Allow me to introduce myself. I am Mary Corrado, and for the last 12 years I have been president and CEO of the American Society of Employers or ASE. ASE is a membership organization with 850+ member firms (nearly all of them in Michigan, despite our name). We directly service Human Resource departments, but the ultimate focus of our work is people, or “talent” to use today’s term of choice. But not just the people who work in those HR departments; we are really about the people those HR departments serve. If we do our job well, HR departments do their job well; when they do their job well, the people they serve do their jobs well, and those firms thrive.
I’m also a sports fan. And as a lifelong Michigander it’s the local sports teams that own my loyalty (along with a fair percentage of my income in game tickets, team paraphernalia, etc., but that’s another blog post).
As a local sports fan I can’t watch the latest in the ongoing saga of our forlorn Detroit Lions without comparing it to the glorious seven-year (so far) run of the Michigan State Spartans under coach Mark Dantonio. And when I do, my thoughts turn to the issue of talent and how leaders have to coach it.
First of all--and you may disagree with me on this—I am firmly convinced that coaching professional athletes is no different from coaching amateur athletes, and for that matter no different from “coaching” workers in an organization. It is all the same. True, professional athletes work for individual contracts (and workers work for salaries) while amateur athletes, even at the highest levels, do not. But coaches in all three domains have the same job. Yes, they need to teach the x’s and o’s, but in the end they succeed only to the extent they can get each one of their charges to forget about themselves and commit to something greater than themselves instead.
You may argue that that job is easier for a coach like Dantonio because his athletes are unpaid (grant me that point for the sake of the argument, please!), but I would disagree with you on that one. Elite athletes have egos that can get pretty big even if they don’t get a paycheck; if they’re good enough to play at a place like Michigan State, it usually means they have been told from the day they scored their first touchdown in Pop Warner that they were stars.

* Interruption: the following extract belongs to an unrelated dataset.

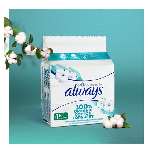 - Always Egészségügyi betét – megbízható védelem, 100%-ban organikus pamut fedőréteggel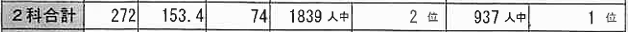2科合計 272点/300点満点 平均点153.4点 偏差値74 2位/1,839人 男女別1位/973人

By the time they get to college they thoroughly believe it even if they never make it onto the field during an actual game.
The challenge for the coach of professional talent—on the football field or in the office or on the plant floor—is to get the individual to forget about the contract (or the salary) and focus on the team. Of course that is hugely challenging at the professional level; but, obviously, some coaches succeed at it while some do not (poor Jim Schwartz!). What the best ones seem to be able to do is to get through to their charges exactly what they expect and do not expect from them at all times in order to serve the needs of the team, and then, somehow, make it stick.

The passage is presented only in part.